Things between us haven't been horrible but they also haven't been great for at least two years now; maybe longer. I know that some of it stems from my attitude about certain things. I can be kind of lazy and careless about things, and I am not a neat-freak. All of this has been weighing on him. He's told me that it's not that I don't deserve for him to do nice things for me, he just doesn't feel the desire to do nice things for me. 

I also have a theory that he's depressed about other things, which isn't helping our situation. He is an Army veteran who served in Iraq from 2004 to 2005, which from what I understand was the period when most of the worst fighting took place. The VA diagnosed him as having PTSD and TBI but he refuses to seek treatment. He doesn't think he has a problem. He's definitely not as happy-go-lucky as he was before he went to war. He's always had a somewhat negative attitude but it's gotten a lot worse since he came back.

Sometimes I wonder if his friend provides an escape from stress that I can't provide because she doesn't share in the other stresses of daily life that he and I share... ie. owning a home, paying bills, maintaining and renovating the house, and my insecurities. I wonder if I shouldn't just try my best to let it all go, start with a clean slate of my own. 

Maybe if I'm carefree and supportive of his friendship with this woman then he will show me his appreciation by doing sweet, affectionate things for me again.

Lyn, I have apologized to him for any snide comments I made in his friend's presence and I'm trying hard to keep any further comments to myself because I'm starting to realize that this woman is not worth me losing my husband over. It's just that sometimes it's really hard to remember, and be happy and satisfied with the fact that, at the end of the day, he goes home with me. I'm the one who gets to kiss him good night and wake up with him in the morning. I'm the one he wants to make love to and build a future with, regardless of how rocky the foundation may be right now. 

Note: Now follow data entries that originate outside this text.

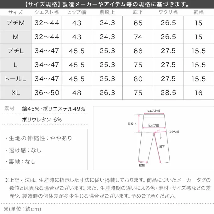 • 成分:棉 45%・聚酯纖維 49% 彈性纖維 6%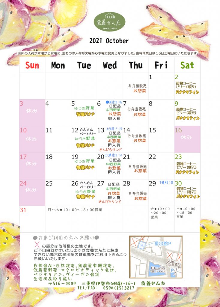 ↓こちらはサンプルです。無記入版のダウンロードはこちらから→10月のカレンダー(A4判)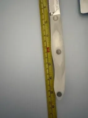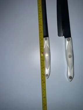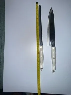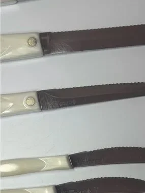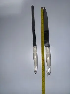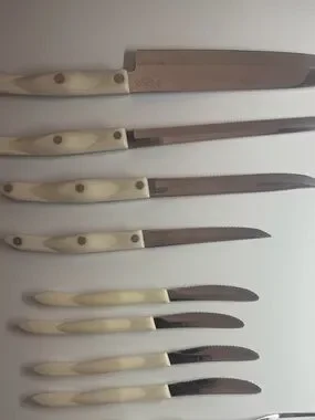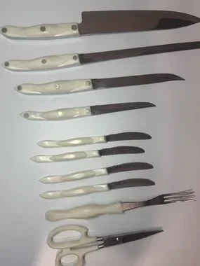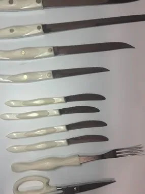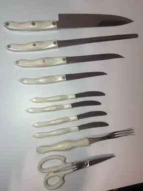 Elegant white pearl-handle knife and scissor set for everyday kitchen tasks. Includes chef knife, bread knife, utility knives, steak knives, carving fork and kitchen scissors. Comfortable white handles for a secure grip. Durable stainless blades deliver reliable cutting performance. Stylish, easy-to-clean design that complements modern kitchens.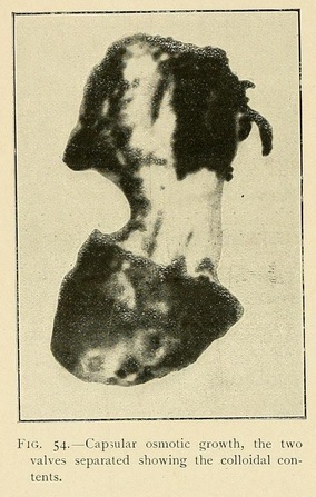 When a large capsular shell such as we have described bursts, it expels a part or the whole of its contents as a gelatinous mass which retains the form of the cavity. Similarly, if we suddenly dilute the mother liquor around an osmotic cell, it bursts by a process of dehiscence, and projects into the liquid a part of its contents, which may thus become an independent vesicle. In this way a single osmotic cell may produce a whole series of independent vesicles.
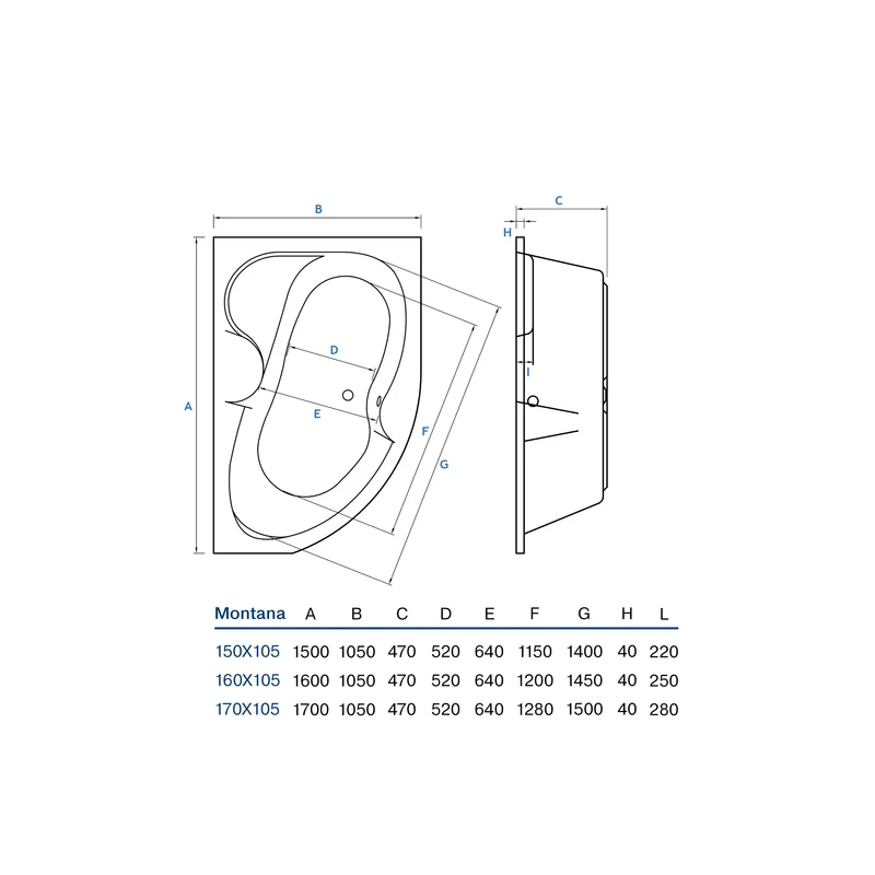 Ванна Montana обладает асимметричной формой и представлена в правостороннем и левостороннем вариантах. Montana позволяет наиболее практично использовать пространство в помещении. По своей конструкции она очень вместительна и при этом выглядит довольно малогабаритно. Отличительная черта ванны Montana – необычная форма внутреннего пространства. Красивые изгибы подчеркивают стиль ванной комнаты.

He's assured me over and over that he is in no way attracted to his friend so why can't I just let it go? 

Insecurity is a *****.


----------



## Lyn

You can't let go because you feel threatened. Feeling threatened is fear and fear is irrational; not tot say that being fearful is necessarily for no reason, but when we let fear control us, we get irrational. I know this for a fact, since I am dealing with recovering from my husband's affair. There are good days, okay days and bad days. This is a bad day. I'm sad. I'll never forget it. It has altered us, forever.

Sometimes I feel tremendous fear, something I'm not used to. When I feel that fear...logic and reason are a waste of time because I am having an emotional reaction and I've learned that trying to reason with anyone who is being emotional is a waste of time. I sometimes just have to ride it out.

I still feel threatened by the other woman becasue she specifically set out to take my husband even though she is married, also. She was ready to leave her husband. Her Facebook page is wide open for anyone to read as she continues to look for friendship and she changed her picture to one of her showing cleavage.

There are women out there who want to take other womens' husbands, for sure. It never occurred to me, before, but, there it is.

( 

You have a good heart. I hope your husband appreciates you. He seems ot have a good heart, too.

Lyn


----------



## steve71

IC, I can understand how your man's friendship with this woman could be corrosive. But as scarletblue suggested in her very acute 'niece' observation there are other possible dimensions in close man-woman friendships. 

I have a few treasured women friends - I love their company, we talk like mad, they make me laugh - and yes, they're sexy too - but I could never have an affair with any of them. Somehow it's more like a brother-sister thing: instinctively very close but within clear-cut boundaries.

At the risk of asking a daft question, does the separateness of your man's friendship somehow converge with the vet part of him which is shut away in PTSD? Is she as much a sort of symbol to you as she is a rounded person?


----------



## Lyn

IC,

As Steve points out...any friendship can work, I think the key is the intentions of those involved and the decision that they will not cross the line under any circumstances.

Lyn


----------



## GraceunderPressure

I believe that if your husband is far more affectionate and considerate to his best woman friend than he is to you that you have a real problem--and it's with him--not you.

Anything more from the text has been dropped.